Assigning security measures reduces risks of data loss and/or damage and enables abilities to maintain rights management of digital objects. Security protocols may include, but are not limited to, firewalls, intrusion detection, and assigned access and use privileges. Northwestern University Libraries implements cyber security protocols and technologies using software and capitalizing on vendors’ services.

Storage

Preservation storage is a location that works in tandem with other preservation actions such as, auditing, file format monitoring, preservation metadata, redundancy, and security. Northwestern University Libraries utilizes dedicated storage that is designated and managed specifically for digital preservation. Digital preservation storage maintains the original bitstream of digital assets under the care of Northwestern University Libraries to the best of our abilities. Periodically, Northwestern University Libraries assesses its current storage location(s) and takes action to upgrade, update, transfer, and/or further manage storage options.

Virus Checking

Virus Checking includes activities to monitor, report, and quarantine infected or corrupted data. Computer viruses and malware are malicious software that infects files or applications.
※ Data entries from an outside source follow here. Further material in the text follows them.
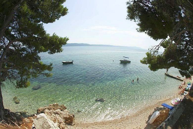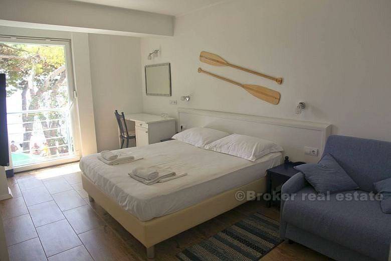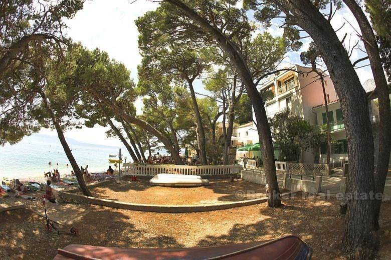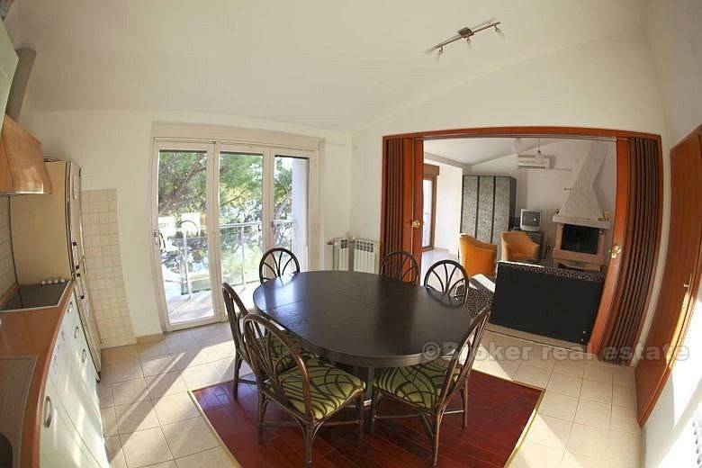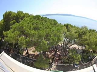 Na vrhu zgrade nalazi se prostrana terasa od 73 m2 potpuno okupana suncem. Pogled s vrha je nevjerojatan: sjedite odmah iznad borova, a preko njihovih vrhova proteže se prekrasno more sve do otoka Hvara, a s desne strane do otoka Brača.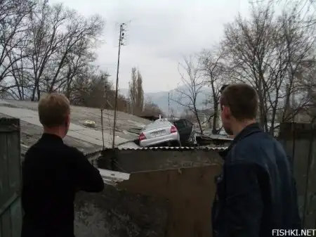 Как же так можно умудрится, что бы свой Мерс припарковать на крыше дома, дорога кстати не близко находится!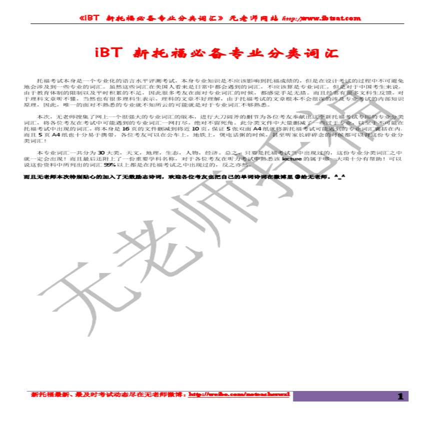 托福必备专业分类词汇资料下载,喜欢的朋友可以下载收藏!
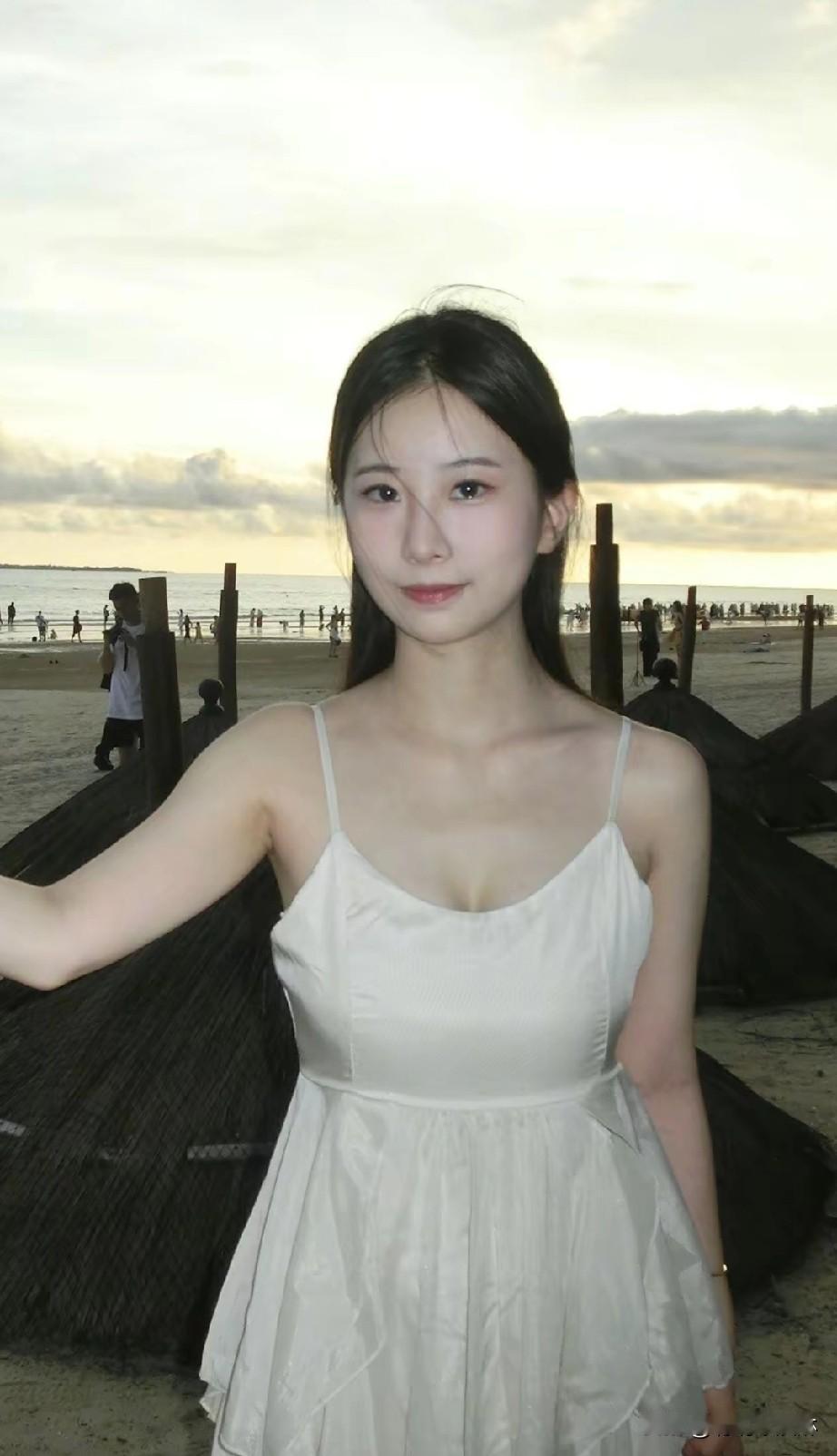 滩边红裙沐晴风海风裹着咸润的凉意,漫过沙滩细浪时,她正立在晴光里浅笑。

If activated, the virus may delete or encrypt files, modify applications, or disable system functions. Northwestern University Libraries checks for viruses and malware upon acquisition or ingest into our systems. Virus and malware scans are conducted through software that generates reports. If viruses and/or malware are detected, the software quarantines said data.

Levels of Preservation Support

Northwestern University Libraries practices digital preservation by assigning different “levels” to content. Each Level includes selection criteria and designated preservation actions conducted on the content. Assigning Levels helps scale, sustain, and provide flexibility for our digital preservation activities. We use this approach to conduct ethical digital preservation while working within the limitations of available resources and technological capabilities.

While Level 1 includes all preservation actions, this does not designate content categorized in this Level as more valuable than content in other Levels. Regardless of the Level assigned to content, it is valuable to Northwestern University Libraries. Various limitations beyond our control such as, but not limited to, time, resources, personnel, and technological capabilities, are the primary drivers for assigning Levels of Preservation.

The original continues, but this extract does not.